Najmniejsza szkoła w Kielcach zostanie rozbudowana. Chodzi o Szkołę Podstawową nr 4, przy ulicy Warszawskiej. Obecnie uczęszcza do niej około 90 uczniów, ale z powodu małej liczby sal lekcyjnych, część zajęć kończy się późno.
Marcin Chłodnicki, zastępca prezydenta Kielc mówi, że na początku roku został opracowany kosztorys rozbudowy. Według ówczesnych cen, budowa nowego pawilonu kosztowałaby około 6 mln zł. Prezydent dodaje, że prawdopodobnie rozbudowa „Czwórki” rozpocznie się w przyszłym roku, ale na razie nie można ze stuprocentową pewnością podać terminu.
– Jesteśmy w przededniu układania budżetu miasta na przyszły rok.
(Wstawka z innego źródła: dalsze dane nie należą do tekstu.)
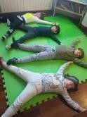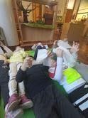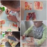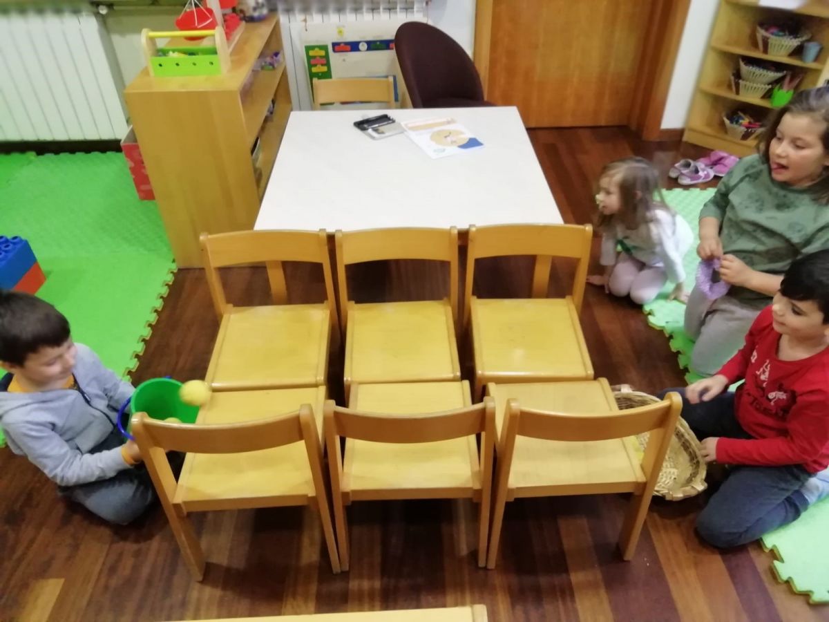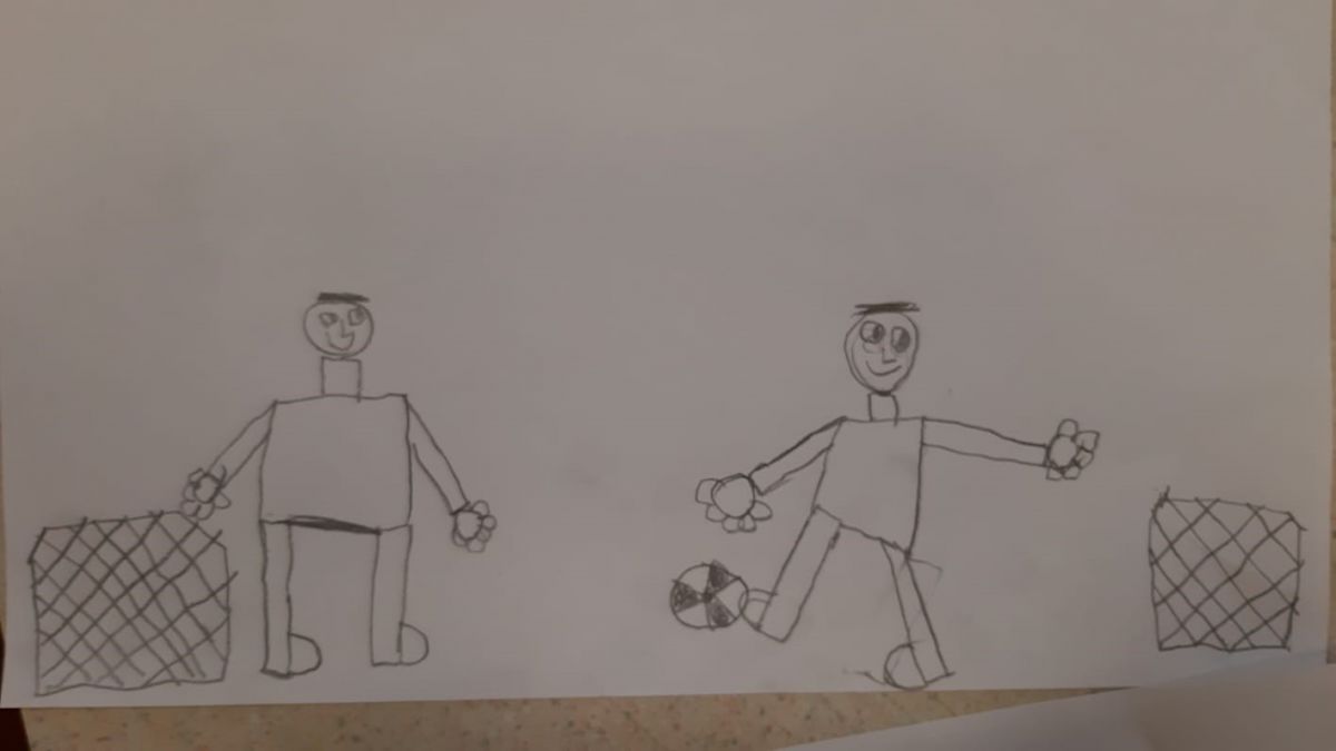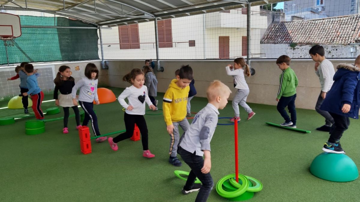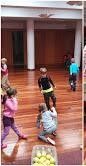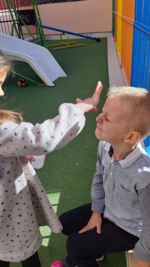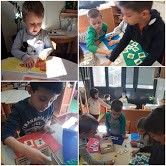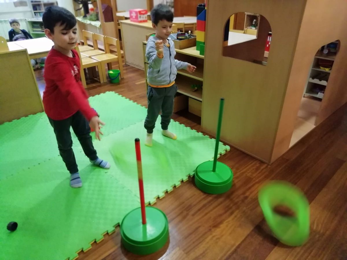 Dan smo započeli jutarnjom tjelovježbom u sobi dnevnog boravka: zagrijavanje, istezanje, razgibavanje. Zatim smo vježbali loptom, dodavali ju, hvatali na različite načine i jačali mišiće cijelog tijela. Napravili smo poligon: dodavanje i hvatanje teniskih loptica, preskakanje kocke i bacanje krugova oko stalka. Uslijedilo je crtanje s obje ruke istovremeno - jednake oblike i motive.
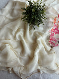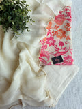 Printed muslin silk top, cotton silk bottom comes with scallop border sequins work organza dupatta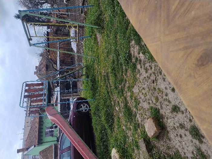 The image displays an outdoor scene in Lom, Bulgaria, under an overcast sky. In the immediate foreground, a light brown wooden surface, likely a tabletop or bench, occupies the lower right quadrant. The ground throughout the scene is a mix of sparse green grass and bare dirt, featuring a large, round, light-colored concrete object on the left and a rectangular concrete or brick block centrally located in the mid-foreground. Two pieces of weathered playground equipment are prominent in the mid-ground: a red plastic slide with a blue metal support structure, a wooden top platform, and a ladder, positioned on the left; and a blue and yellow metal swingset, featuring two swings, situated to the right. A dark red hatchback car is parked on the grass, partially obscured by the slide, with its front driver's side wheel and fender visible. In the background, a two-story building with a light green facade, reddish-brown tiled roof, and a visible brick chimney is located to the left. To its right, multiple older, brick structures with similar tiled roofs are present, some appearing to be in disrepair or featuring exposed wooden elements. A small pile of white material lies on the ground behind the swingset. Further back, mature trees with bare branches are visible, along with indistinct taller buildings against the cloudy sky. No individuals are present in the scene.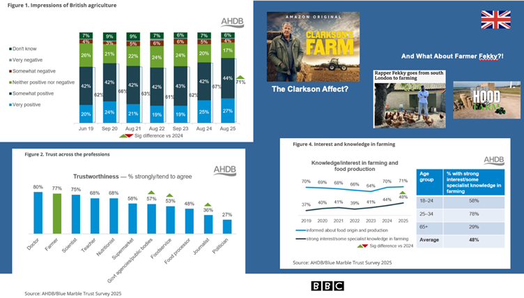 UK food self‑sufficiency currently sits at around 60%. Historically it has fluctuated: below 50% pre‑WW2, peaking above 75% in the 1980s, before drifting down again. Improving farming profitability and food security is now firmly back in focus. One route, recommended by Minette Batters in her “Farming Profitability Review” (December 2025) is to “grow, make and sell more from our farms by strengthening the British food and drink brand at home and abroad”.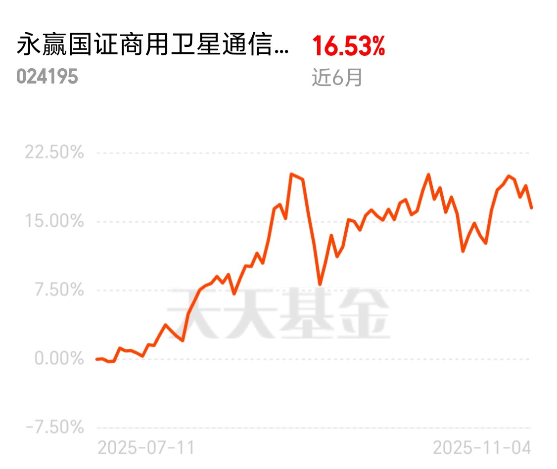 $永赢国证商用卫星通信产业ETF发起联接C$ 紧密跟踪商用卫星通信指数,覆盖卫星制造、通信、导航等核心领域,契合国家战略新兴产业发展方向。 看业绩,成立117天以来,收益16.53%,目前,卫星互联网赛道行情正在起步阶段,我准备择机配置起来。$永赢国证商用卫星通信产业ETF发起联接C$

Wszystko będzie zależało od tego, jaki będzie ten budżet, jakie będą wpływy i dodatkowe obciążenia. Natomiast plan jest taki, aby rozbudować tę szkołę – zapowiada zastępca prezydenta miasta.
O to, by w budżecie znalazły się pieniądze na tę inwestycje zabiegać będzie Anna Kibortt, wiceprzewodnicząca Rady Miasta Kielce.
– Rodzice prosili mnie o wsparcie tej sprawy, sama też uważam, że ta szkoła powinna być większa, co poprawi komfort uczniów. Miasto powinno dbać o takie małe placówki, które są ważne dla społeczności lokalnych – mówi Anna Kibortt.
Beata Habel, dyrektor Szkoły Podstawowej nr 4 nie ukrywa, że jej placówka ma skromne warunki lokalowe.
– Zaletą jest fakt, że szkoła jest mała i klasy nie są liczne. Ale rozbudowa bardzo by nam pomogła, bo mamy tak mało sal, że część dzieci musi zaczynać lekcje w okolicy południa i przez to kończy dość późno – tłumaczy dyrektor. – W tej chwili mamy sześć sal lekcyjnych, w tym jedną salę, która jest przechodnia. Nie powinno tak być, bo przechodzące osoby przeszkadzają w prowadzeniu zajęć. Po rozbudowie w nowej części będą trzy sale lekcyjne. Wyłączymy wówczas z zajęć tę klasę przechodnią i wszystkie dzieci będą mogły zaczynać lekcje o godz. 8.00 – dodaje Beata Habel.
W dobudowanej części placówki znajdą się też stołówka i świetlica. Gotowy jest już projekt, placówka ma też pozwolenie na budowę.